The main threat will come from Heavy Metal, who will have the edge in fitness, having blitzed the opposition with an aggressive display of front-running to win in Listed grade here before Christmas.

Not that I am underestimating North America either. This ex-Godolphin horse beat Heavy Metal over the track this time last year and has proved a revelation on the surface.

The Singspiel Stakes, upgraded to Group 3 status this year, also promises to be a real humdinger, with Mike de Kock running both the evergreen Sanshawes (Colm O’Donoghue) and Light the Lights (Christophe Soumillon).

Sanshawes came out the better when the pair finished fourth and sixth respectively in last year’s Group 1 Jebel Hatta, but neither may cope with the Godolphin contingent, who look particularly strong.

It might be significant that William Buick has opted for Bay Of Poets, but the vibes filtering through about stablemate BENBATL are equally positive and he is my choice.

He won the Hampton Court at Royal Ascot last summer and also ran a highly respectable race behind Enable in the King George, where the 2400m trip found him out.

However, the best bet of the night looks to be ERTIJAAL in the 1000m handicap on turf.

Sheikh Hamdan’s speedball was awesome at last year’s carnival, seeing off everything over this trip but finding the petrol gauge running dry in the last 200m when stepped up in distance for the Group 1 Al Quoz Sprint on World Cup night.

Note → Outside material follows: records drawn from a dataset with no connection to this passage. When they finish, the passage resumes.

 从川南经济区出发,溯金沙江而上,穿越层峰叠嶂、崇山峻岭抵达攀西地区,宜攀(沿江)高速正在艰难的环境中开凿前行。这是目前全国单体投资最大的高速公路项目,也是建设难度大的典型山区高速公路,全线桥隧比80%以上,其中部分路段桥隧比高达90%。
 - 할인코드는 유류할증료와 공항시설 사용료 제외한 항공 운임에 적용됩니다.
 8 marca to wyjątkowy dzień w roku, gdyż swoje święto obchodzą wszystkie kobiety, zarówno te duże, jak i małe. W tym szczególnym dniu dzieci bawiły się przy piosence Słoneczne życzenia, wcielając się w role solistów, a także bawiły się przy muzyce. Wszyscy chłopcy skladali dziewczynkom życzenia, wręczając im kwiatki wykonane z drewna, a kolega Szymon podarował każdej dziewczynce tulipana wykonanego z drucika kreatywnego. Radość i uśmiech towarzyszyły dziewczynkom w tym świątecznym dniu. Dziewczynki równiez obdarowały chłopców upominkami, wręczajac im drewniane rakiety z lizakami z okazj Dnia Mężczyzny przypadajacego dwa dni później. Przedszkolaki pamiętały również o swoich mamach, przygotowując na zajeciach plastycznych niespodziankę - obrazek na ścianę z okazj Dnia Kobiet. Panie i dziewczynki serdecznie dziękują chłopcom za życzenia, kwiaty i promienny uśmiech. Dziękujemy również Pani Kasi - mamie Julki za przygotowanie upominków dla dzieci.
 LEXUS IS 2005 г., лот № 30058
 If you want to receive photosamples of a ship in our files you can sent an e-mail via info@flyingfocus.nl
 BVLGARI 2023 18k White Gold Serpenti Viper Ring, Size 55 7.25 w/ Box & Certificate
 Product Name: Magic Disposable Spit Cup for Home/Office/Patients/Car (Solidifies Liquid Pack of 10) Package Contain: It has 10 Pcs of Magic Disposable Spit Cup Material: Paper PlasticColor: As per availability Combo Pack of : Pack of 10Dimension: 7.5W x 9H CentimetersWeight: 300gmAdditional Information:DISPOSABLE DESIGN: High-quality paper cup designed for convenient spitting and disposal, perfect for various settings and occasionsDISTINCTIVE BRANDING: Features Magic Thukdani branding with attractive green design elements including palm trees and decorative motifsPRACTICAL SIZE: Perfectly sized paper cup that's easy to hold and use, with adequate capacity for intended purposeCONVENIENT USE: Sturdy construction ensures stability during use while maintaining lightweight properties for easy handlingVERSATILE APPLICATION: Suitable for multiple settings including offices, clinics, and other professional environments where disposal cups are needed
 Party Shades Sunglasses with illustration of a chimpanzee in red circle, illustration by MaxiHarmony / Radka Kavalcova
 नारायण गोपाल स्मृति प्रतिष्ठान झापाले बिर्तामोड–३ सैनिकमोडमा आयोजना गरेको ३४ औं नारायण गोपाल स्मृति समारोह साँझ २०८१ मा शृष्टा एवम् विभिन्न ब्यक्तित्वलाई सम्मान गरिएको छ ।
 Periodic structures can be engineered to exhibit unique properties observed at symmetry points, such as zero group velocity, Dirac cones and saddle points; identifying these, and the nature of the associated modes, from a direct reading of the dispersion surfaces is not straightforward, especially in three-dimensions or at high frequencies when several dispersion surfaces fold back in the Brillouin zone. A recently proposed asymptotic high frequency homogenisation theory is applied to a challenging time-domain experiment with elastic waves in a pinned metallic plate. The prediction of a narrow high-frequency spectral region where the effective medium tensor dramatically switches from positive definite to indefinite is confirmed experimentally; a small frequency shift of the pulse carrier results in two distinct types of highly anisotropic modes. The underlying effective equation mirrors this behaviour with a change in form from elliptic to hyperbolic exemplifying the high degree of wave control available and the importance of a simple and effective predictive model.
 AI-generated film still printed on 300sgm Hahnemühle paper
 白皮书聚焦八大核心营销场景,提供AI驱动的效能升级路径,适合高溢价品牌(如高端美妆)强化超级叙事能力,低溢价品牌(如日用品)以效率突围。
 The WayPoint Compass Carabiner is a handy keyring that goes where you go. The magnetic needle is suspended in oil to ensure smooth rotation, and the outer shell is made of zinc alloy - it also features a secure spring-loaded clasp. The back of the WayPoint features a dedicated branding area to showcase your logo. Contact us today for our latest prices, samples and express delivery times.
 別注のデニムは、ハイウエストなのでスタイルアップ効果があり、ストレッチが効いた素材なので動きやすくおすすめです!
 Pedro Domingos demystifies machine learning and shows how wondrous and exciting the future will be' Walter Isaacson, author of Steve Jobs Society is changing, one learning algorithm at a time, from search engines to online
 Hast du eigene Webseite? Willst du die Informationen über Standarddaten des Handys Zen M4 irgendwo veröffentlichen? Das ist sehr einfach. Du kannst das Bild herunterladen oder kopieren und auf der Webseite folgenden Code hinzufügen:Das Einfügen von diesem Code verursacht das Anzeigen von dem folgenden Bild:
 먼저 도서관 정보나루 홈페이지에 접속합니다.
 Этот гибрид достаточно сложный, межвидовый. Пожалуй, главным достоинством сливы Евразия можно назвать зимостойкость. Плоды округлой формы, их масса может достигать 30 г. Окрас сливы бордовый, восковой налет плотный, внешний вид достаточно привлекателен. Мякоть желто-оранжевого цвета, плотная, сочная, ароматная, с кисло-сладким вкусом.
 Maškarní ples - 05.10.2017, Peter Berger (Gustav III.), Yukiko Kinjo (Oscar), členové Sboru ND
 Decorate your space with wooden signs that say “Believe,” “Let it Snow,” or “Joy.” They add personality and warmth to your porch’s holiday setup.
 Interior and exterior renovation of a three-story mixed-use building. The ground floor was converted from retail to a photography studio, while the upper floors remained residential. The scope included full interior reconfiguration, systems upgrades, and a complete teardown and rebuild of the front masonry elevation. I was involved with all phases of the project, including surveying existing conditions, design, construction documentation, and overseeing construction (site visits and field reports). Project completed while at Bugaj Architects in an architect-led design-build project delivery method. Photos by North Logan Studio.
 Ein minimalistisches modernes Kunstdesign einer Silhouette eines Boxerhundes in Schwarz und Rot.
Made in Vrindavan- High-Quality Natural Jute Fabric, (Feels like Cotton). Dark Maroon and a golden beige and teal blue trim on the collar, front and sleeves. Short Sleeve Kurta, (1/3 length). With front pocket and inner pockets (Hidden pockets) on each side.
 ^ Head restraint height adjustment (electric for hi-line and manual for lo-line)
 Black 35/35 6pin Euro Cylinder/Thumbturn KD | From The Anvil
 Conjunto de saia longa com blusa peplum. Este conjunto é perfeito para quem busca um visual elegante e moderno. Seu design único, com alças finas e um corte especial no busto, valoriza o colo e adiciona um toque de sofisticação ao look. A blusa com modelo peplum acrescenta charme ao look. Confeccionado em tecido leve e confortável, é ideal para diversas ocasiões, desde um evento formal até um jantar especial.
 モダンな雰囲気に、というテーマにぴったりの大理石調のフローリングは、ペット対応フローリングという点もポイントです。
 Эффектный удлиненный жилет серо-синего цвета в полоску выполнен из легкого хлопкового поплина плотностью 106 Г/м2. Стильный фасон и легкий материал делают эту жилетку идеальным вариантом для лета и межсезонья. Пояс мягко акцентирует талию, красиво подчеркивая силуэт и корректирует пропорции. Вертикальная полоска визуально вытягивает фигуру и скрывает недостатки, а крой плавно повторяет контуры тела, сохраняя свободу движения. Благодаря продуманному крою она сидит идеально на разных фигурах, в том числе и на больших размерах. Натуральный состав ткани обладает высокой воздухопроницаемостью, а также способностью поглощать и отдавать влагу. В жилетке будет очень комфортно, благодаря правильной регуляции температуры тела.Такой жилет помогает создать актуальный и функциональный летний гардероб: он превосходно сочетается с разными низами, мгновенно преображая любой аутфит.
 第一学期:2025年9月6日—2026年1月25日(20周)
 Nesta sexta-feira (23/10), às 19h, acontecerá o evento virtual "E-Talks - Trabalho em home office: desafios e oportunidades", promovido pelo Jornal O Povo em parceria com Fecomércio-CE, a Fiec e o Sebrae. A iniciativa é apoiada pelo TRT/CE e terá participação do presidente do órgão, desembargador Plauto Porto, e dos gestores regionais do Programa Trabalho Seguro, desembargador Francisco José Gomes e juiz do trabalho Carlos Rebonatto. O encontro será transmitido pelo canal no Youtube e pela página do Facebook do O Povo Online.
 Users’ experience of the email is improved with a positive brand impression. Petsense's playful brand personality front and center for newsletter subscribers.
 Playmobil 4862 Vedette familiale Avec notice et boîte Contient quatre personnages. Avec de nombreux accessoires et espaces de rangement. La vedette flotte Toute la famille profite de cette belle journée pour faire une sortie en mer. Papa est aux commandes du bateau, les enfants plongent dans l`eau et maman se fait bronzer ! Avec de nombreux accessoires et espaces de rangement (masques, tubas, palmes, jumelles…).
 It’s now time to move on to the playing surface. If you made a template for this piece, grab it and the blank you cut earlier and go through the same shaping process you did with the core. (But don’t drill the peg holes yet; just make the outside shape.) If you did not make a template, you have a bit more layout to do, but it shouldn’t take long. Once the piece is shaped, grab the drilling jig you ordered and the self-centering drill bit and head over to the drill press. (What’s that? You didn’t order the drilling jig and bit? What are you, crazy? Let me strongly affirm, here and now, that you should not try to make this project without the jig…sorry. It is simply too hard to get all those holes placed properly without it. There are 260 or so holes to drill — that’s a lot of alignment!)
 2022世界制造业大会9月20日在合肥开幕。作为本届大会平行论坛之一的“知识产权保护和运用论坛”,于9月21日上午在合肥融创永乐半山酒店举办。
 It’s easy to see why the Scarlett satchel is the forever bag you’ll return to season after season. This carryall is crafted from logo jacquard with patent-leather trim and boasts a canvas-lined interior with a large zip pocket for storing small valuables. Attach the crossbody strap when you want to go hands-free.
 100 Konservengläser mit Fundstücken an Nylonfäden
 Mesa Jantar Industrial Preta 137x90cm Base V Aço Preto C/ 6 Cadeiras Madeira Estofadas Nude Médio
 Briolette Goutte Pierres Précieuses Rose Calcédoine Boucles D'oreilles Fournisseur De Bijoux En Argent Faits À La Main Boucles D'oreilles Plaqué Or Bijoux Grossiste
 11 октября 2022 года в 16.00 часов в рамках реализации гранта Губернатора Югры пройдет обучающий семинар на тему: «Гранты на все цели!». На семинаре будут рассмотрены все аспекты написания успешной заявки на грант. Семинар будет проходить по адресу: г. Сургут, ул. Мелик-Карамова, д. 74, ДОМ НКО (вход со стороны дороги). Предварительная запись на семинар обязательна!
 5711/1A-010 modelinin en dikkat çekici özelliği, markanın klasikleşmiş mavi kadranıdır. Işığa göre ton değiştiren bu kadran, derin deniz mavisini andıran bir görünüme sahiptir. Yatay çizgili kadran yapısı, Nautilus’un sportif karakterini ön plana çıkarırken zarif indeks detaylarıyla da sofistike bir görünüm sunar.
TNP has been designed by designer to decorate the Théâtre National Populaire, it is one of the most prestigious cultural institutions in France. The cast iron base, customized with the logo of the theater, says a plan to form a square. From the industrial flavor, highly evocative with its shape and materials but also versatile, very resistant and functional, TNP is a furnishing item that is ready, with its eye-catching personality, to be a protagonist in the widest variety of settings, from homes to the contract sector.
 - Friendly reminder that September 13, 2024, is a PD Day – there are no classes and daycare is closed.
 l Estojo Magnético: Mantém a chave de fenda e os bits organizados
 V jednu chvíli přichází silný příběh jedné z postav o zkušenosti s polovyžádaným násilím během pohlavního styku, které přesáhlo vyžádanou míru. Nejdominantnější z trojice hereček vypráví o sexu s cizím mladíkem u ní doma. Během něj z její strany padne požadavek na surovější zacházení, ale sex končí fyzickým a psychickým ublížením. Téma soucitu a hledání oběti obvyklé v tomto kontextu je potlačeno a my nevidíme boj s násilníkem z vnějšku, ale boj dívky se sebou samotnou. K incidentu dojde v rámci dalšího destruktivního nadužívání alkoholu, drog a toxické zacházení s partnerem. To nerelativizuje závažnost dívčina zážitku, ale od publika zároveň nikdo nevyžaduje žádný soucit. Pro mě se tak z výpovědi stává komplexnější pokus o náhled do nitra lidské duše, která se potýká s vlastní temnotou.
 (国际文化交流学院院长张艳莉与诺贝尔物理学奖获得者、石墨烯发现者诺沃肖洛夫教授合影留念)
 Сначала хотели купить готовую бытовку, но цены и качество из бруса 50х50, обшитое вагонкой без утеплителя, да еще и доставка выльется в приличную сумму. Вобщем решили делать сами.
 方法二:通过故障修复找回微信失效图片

Back to his optimum trip and with the inside draw, he’ll be very hard to catch.

De Kock has to take on a five-horse challenge from Godolphin in the 1400m handicap, but even with top weight his Zabeel Mile runner-up NOAH FROM GOA ought to be a tough nut to crack.

Back in Britain, Joseph O’Brien, still on a high after his Melbourne Cup triumph in November, is planning frequent raids across the water on the all-weather this winter.

O’Brien is fortunate to have a Polytrack at Dundalk and both HIGHLY APPROVED and AIBELL gained experience of the surface on the Dublin course, which should stand them in good stead for their foray to Lingfield on Wednesday.

I particularly like the chance of Aibell, who showed plenty of promise on her debut in what looked a decent maiden. She will have learned plenty from that and is well worth an interest in the finale.

And on Saturday at Lingfield I can highly recommend Michael Bell’s SACRED ACT in the valuable 1600m handicap.

Sacred Act has done well since switching to Bell from John Gosden’s stable, and the form of his second to Arcanada over the course and distance in November got a timely boost when the winner took the feature race there last weekend.

On the same programme I also like ASCOT DAY in the sprint handicap. He is three times a winner on the all-weather, and his trainer, David Simcock, has his team in top form. Veteran Boom The Groom is the one for the Exacta.